◆ **Goal of the exercise**
The reply should hold only the lines below beginning at the one with "Pis modern i" and ending at the one with "AK Leipzig, Weinhaus", copied exactly, with every picture left out.

◆ **Data shown**

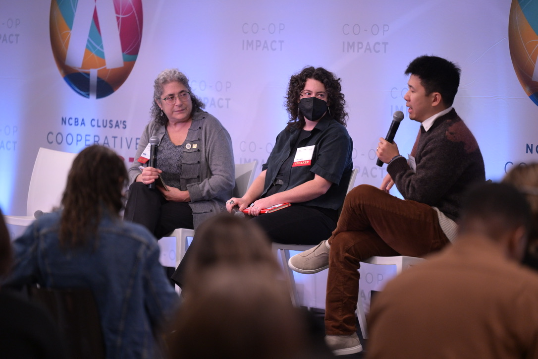 Later that week we could be seen at the 2025 Cooperative IMPACT Conference – NCBA CLUSA. Rebecca moderated a discussion with members of two media cooperatives, Defector  and 51st.news. As a result of two union classes with the Consortium for Worker Education and Writers Guild of America East; Coops 101, we have been getting to know more writers and more media coops. This conversation with media coops added to the overall theme of the conference about how the power of stories is so critical to spreading the message of coops and why they are such critical and effective building blocks towards a more just and sustainable world. In this photo you can see Rebecca with Jasper Wang from Defector and Maddie Poore from 51st. Defector has quickly become a go-to model for how to build a cooperative from the ashes of the old, as several laid off workers from Deadspin started Defector during COVID. Maddie frames the experience with this story; This moment isn’t normal, but here’s our glimmer of hope
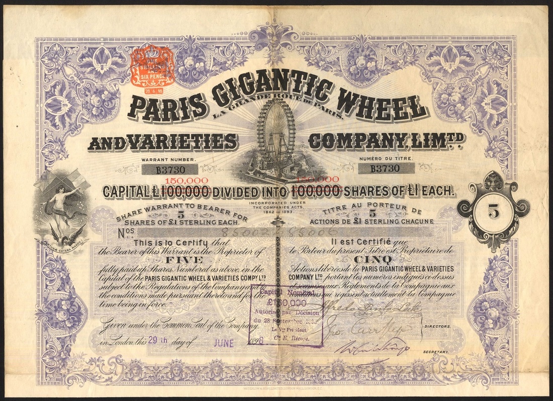 France: Paris Gigantic Wheel and Varieties Co. Ltd., 5 shares of £1, 189[8], #B3730, vignette of Ferris wheel at top, mauve and black, with coupons, stamped endorsement in centre, capital overprinted in red. Built for the Paris Exposition of 1900 and was slightly larger than the London Great wheel at 300 feet diameter built in 1895 at Earl's Court. It also held 1600 passengers. The wheel was dismantled in 1920 and the carriages used for the homeless. VF.
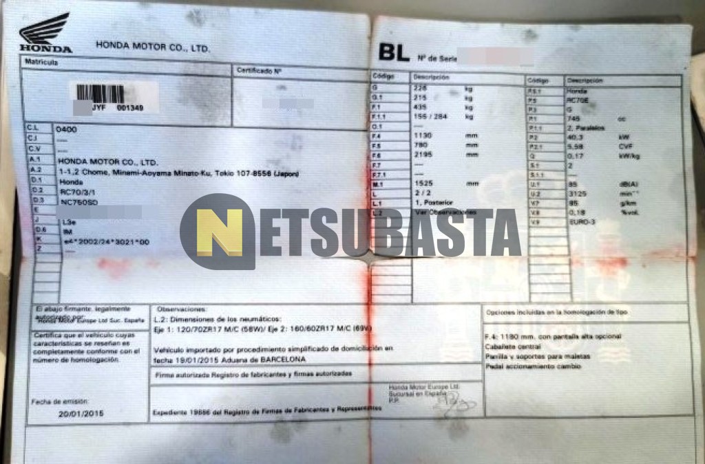 Subasta de Honda NC 750 S DCT 2017 Averiados, Marca Honda, Modelo NC 750 S DCT, Combustible Gasolina, Kilometraje 90.000 KM, Fecha 1ª matriculación 04/2017, Matrícula ****JYF, Color Exterior , Color Interior , IVA REBU y Ubicación Madrid.
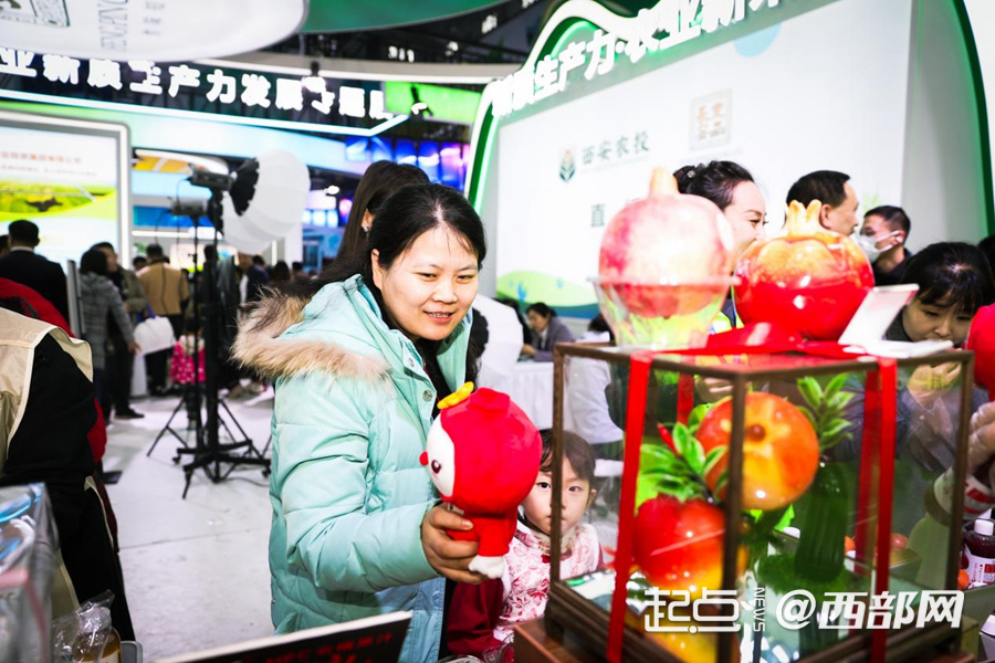 在农高会西安馆里,以石榴为原型制作的文创玩偶吸引了游客的目光。
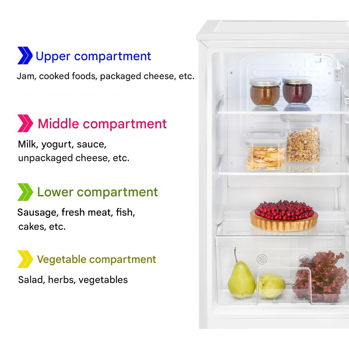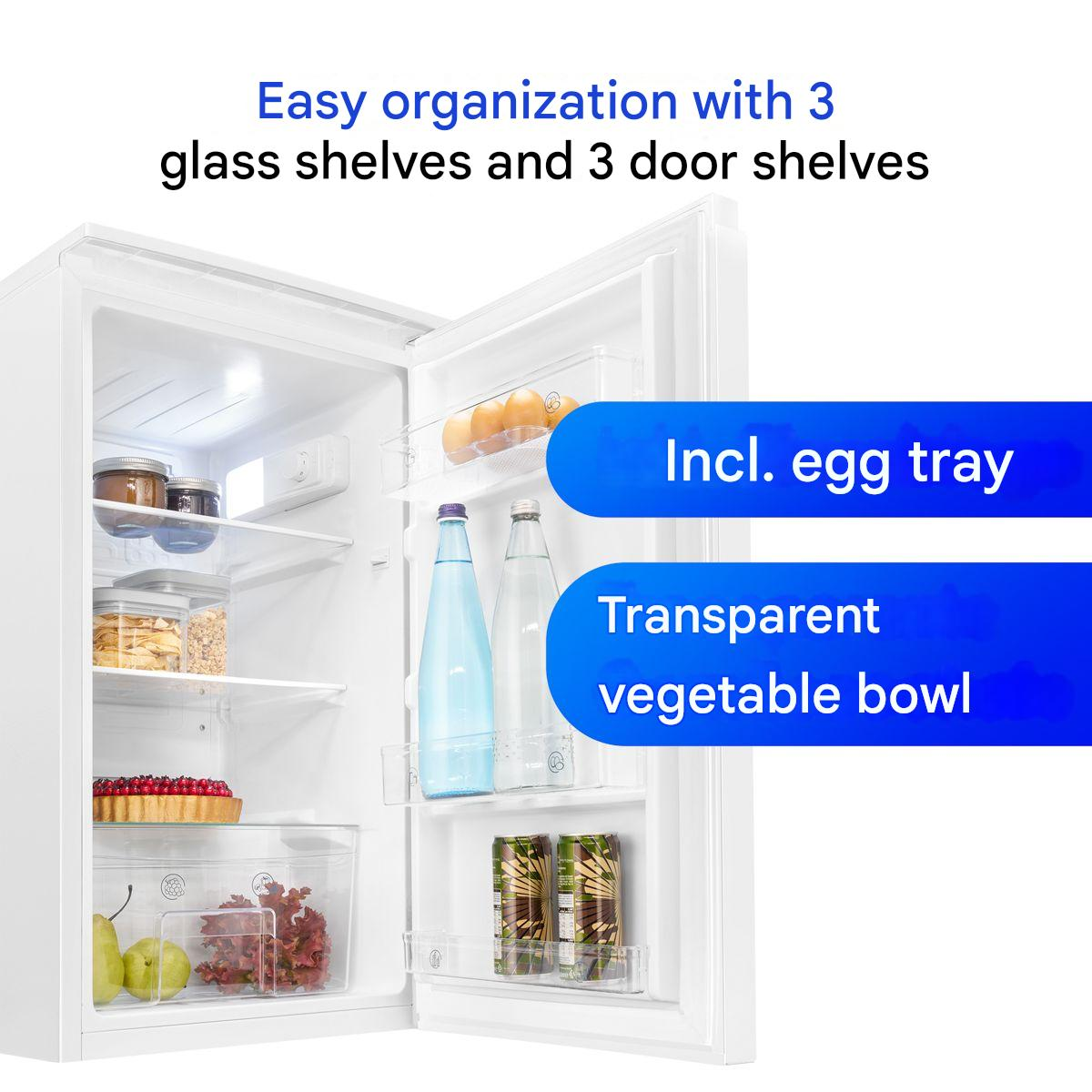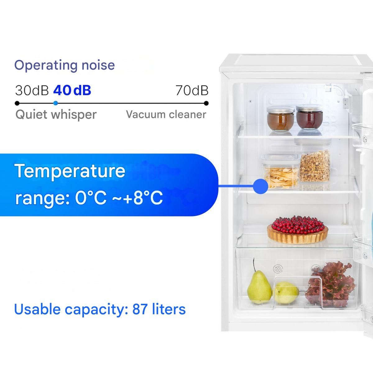 Frigiderul dispune de o capacitate totala de 87 litri, ceea ce-l face ideal pentru o cabana, o bucatarie de vara sau o casa de vacanta. Interiorul permite depozitarea alimentelor cat mai practic, usa avand 3 compartimente potrivite pentru depozitarea sticlelor de apa, lapte si un suport pentru oua.
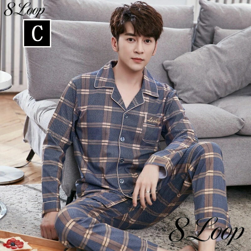 パジャマ メンズ 春秋冬 セットアップ ルームウェア 上下セット 長ズボン チェック柄 ストライプ プリント 前開き 長袖 男性用 大きいサイズ ナイトガウン 部屋着 カジュアル おしゃれ 寝巻き ナイトウェア 8タイプ M-3XL
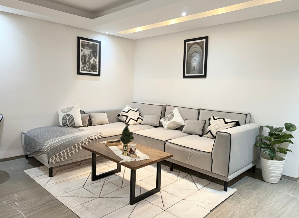 Pis modern i lluminós al cor de Gueliz. Accés amb pany intel·ligent, sala d'estar elegant amb televisor, cuina equipada, 2 dormitoris elegants i un bany de pedra amb dutxa "cascada". A poca distància: 📌 Distàncies des de: • 🕌 Plaça Jemaa el-Fna – 10 min • 🌴 Jardí Majorelle / Museu YSL – 5 min • 🏰 Palau de la Bahia – 15 min • 🕌 Medina / Zocs – 10 min • ✈️ Aeroport de Marràqueix-Menara – 12 min • 🛍️ Carre Eden / Starbucks – 3 minuts • 🍽️ Restaurants i cafeteries a tocar
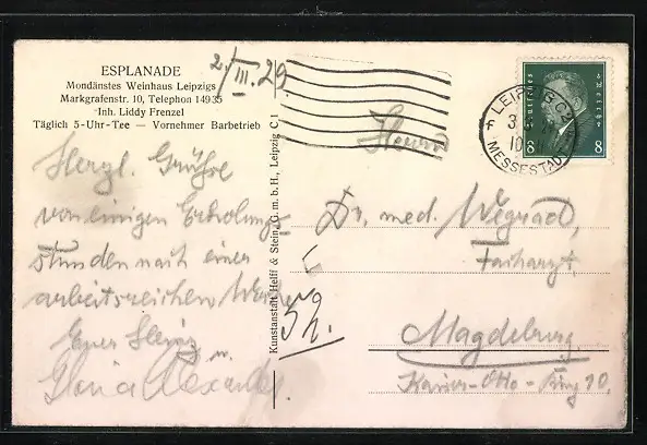 AK Leipzig, Weinhaus Esplanade, Inh.: Liddy Frenzel, Markgrafenstrasse 10
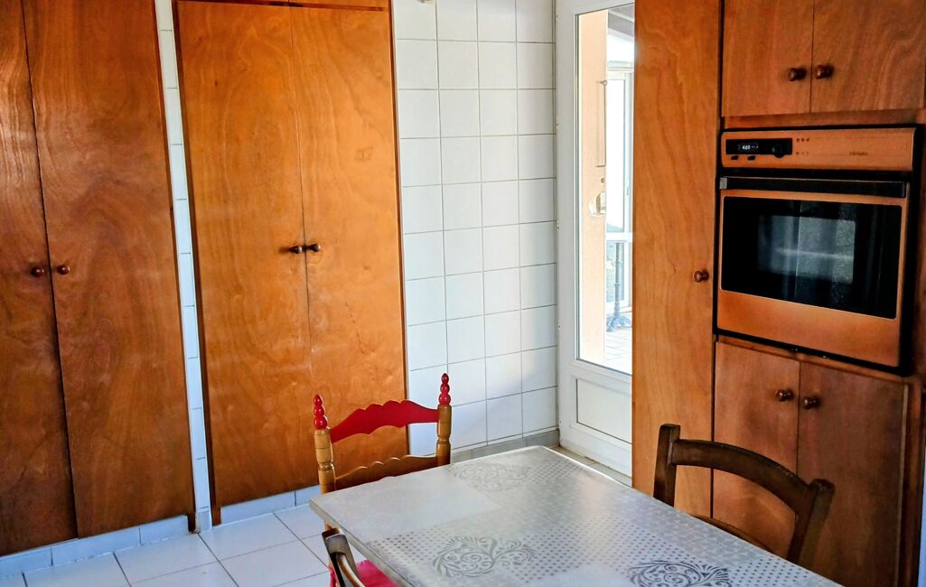 Elle se compose d’une cuisine séparée, d’un salon-séjour lumineux équipé d’une cheminée et d’une climatisation réversible, ainsi que d’un hall d’entrée de 10 m² avec placard.

◆ **The completed task**
 Pis modern i lluminós al cor de Gueliz. Accés amb pany intel·ligent, sala d'estar elegant amb televisor, cuina equipada, 2 dormitoris elegants i un bany de pedra amb dutxa "cascada". A poca distància: 📌 Distàncies des de: • 🕌 Plaça Jemaa el-Fna – 10 min • 🌴 Jardí Majorelle / Museu YSL – 5 min • 🏰 Palau de la Bahia – 15 min • 🕌 Medina / Zocs – 10 min • ✈️ Aeroport de Marràqueix-Menara – 12 min • 🛍️ Carre Eden / Starbucks – 3 minuts • 🍽️ Restaurants i cafeteries a tocar
 AK Leipzig, Weinhaus Esplanade, Inh.: Liddy Frenzel, Markgrafenstrasse 10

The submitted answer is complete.